Print the lines from the one containing "There’s something very" through the end of the listing below, exactly as written. Any pictures stay out.

──────── Material provided

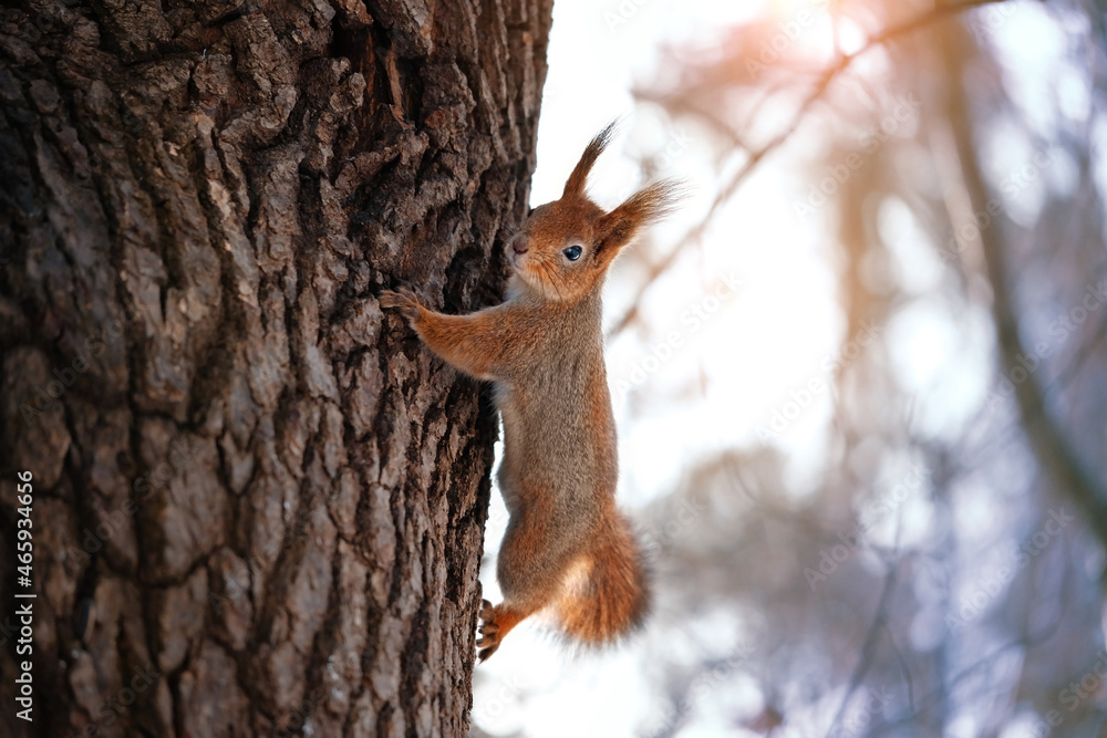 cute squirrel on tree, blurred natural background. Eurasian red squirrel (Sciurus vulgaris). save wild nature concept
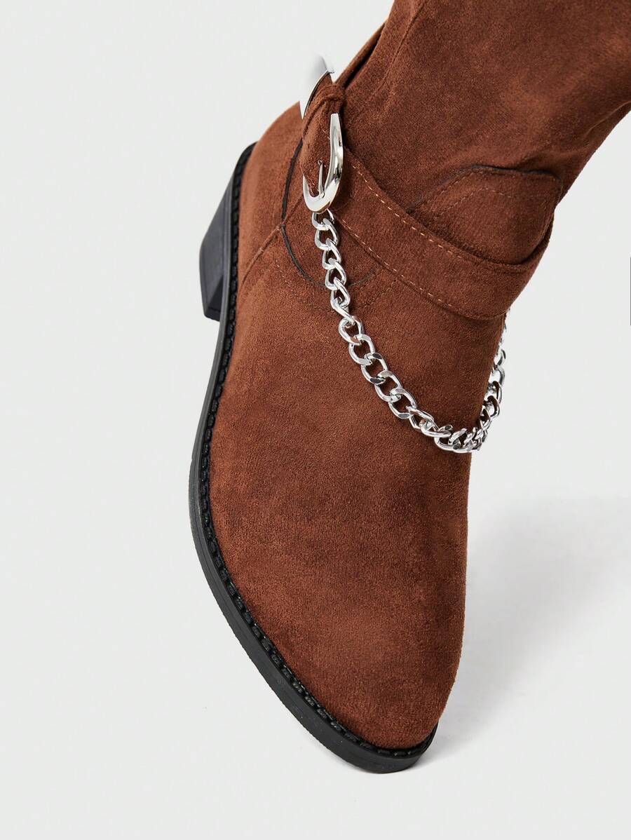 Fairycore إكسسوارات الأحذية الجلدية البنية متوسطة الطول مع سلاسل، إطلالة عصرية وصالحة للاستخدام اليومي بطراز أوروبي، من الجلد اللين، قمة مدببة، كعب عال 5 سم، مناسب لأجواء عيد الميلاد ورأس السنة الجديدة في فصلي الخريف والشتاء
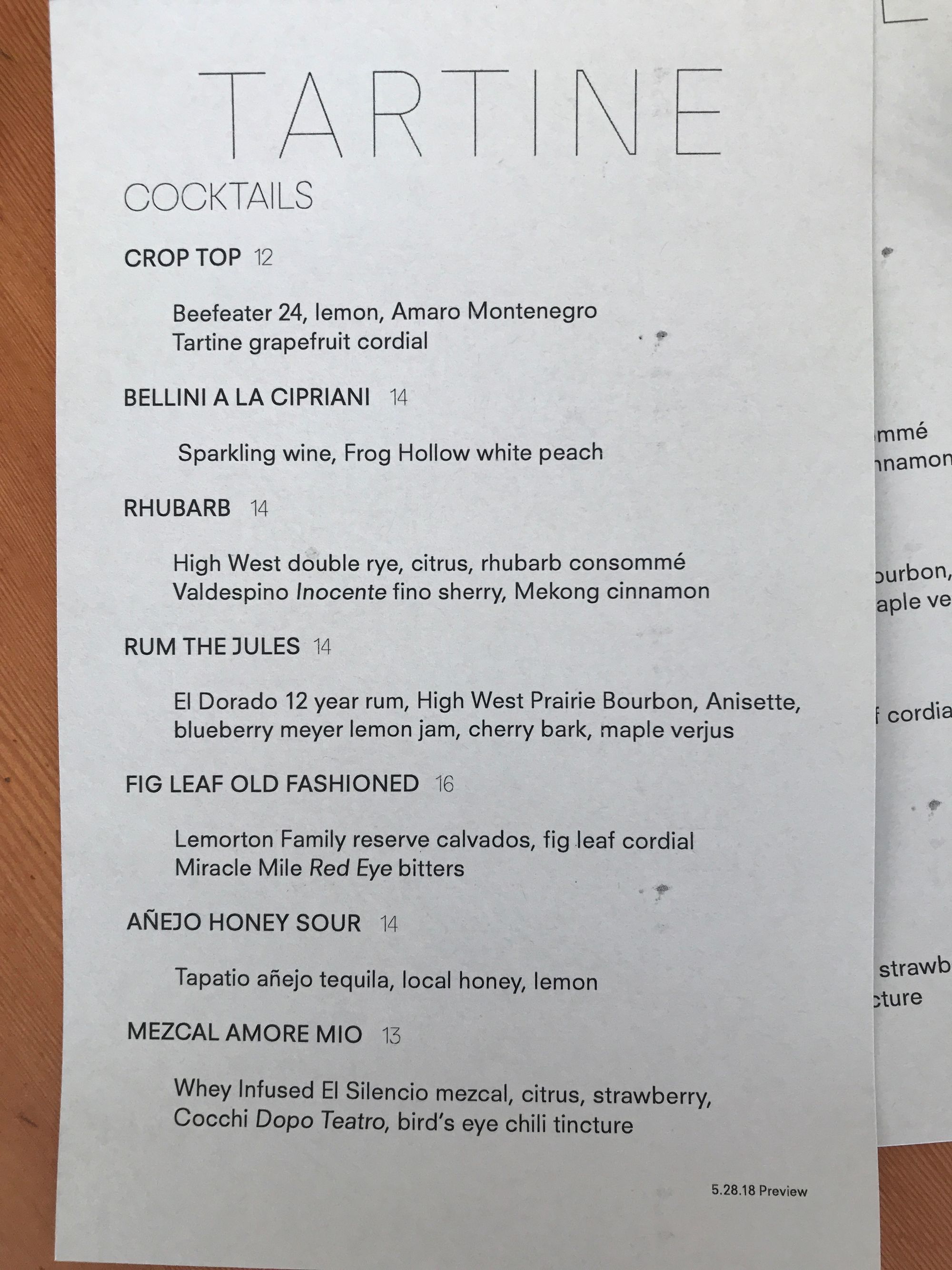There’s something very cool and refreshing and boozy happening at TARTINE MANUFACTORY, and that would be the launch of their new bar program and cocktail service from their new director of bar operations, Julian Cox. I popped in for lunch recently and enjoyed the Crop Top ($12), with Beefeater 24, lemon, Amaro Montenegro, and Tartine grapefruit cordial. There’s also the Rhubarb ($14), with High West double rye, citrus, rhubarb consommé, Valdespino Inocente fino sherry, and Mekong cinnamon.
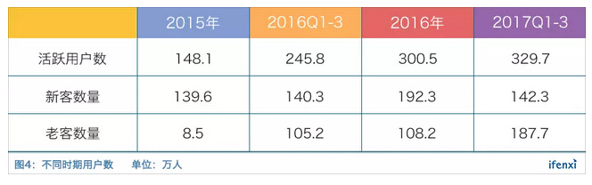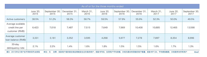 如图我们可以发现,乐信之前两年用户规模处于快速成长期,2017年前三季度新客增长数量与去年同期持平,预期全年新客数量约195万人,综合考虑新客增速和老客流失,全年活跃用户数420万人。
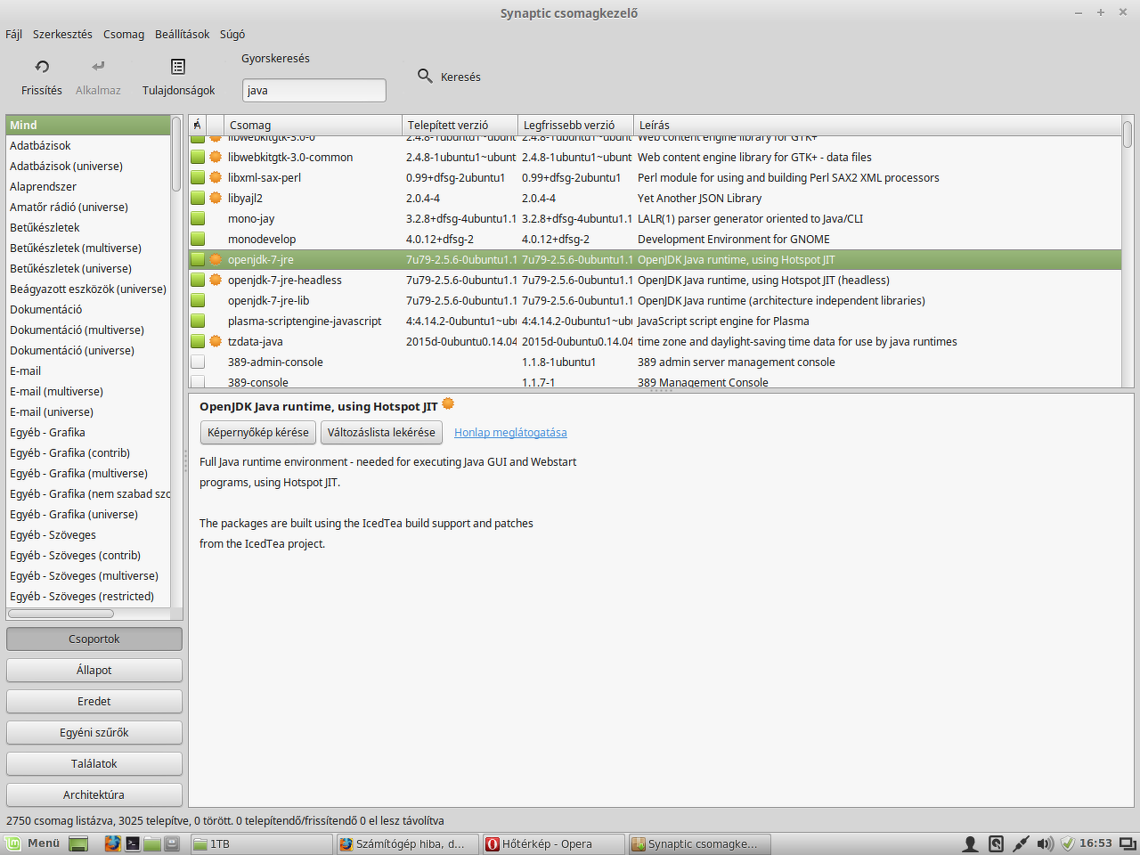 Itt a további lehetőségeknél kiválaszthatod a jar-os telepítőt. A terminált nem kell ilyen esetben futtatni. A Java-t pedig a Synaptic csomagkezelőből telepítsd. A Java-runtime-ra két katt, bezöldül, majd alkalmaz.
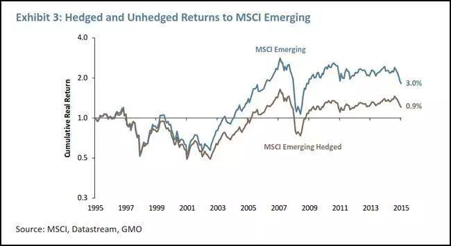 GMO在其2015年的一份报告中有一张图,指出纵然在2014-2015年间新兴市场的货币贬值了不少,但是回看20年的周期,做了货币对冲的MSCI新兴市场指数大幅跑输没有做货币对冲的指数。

────────────────

Completed exercise:
There’s something very cool and refreshing and boozy happening at TARTINE MANUFACTORY, and that would be the launch of their new bar program and cocktail service from their new director of bar operations, Julian Cox. I popped in for lunch recently and enjoyed the Crop Top ($12), with Beefeater 24, lemon, Amaro Montenegro, and Tartine grapefruit cordial. There’s also the Rhubarb ($14), with High West double rye, citrus, rhubarb consommé, Valdespino Inocente fino sherry, and Mekong cinnamon.
 如图我们可以发现,乐信之前两年用户规模处于快速成长期,2017年前三季度新客增长数量与去年同期持平,预期全年新客数量约195万人,综合考虑新客增速和老客流失,全年活跃用户数420万人。
 Itt a további lehetőségeknél kiválaszthatod a jar-os telepítőt. A terminált nem kell ilyen esetben futtatni. A Java-t pedig a Synaptic csomagkezelőből telepítsd. A Java-runtime-ra két katt, bezöldül, majd alkalmaz.
 GMO在其2015年的一份报告中有一张图,指出纵然在2014-2015年间新兴市场的货币贬值了不少,但是回看20年的周期,做了货币对冲的MSCI新兴市场指数大幅跑输没有做货币对冲的指数。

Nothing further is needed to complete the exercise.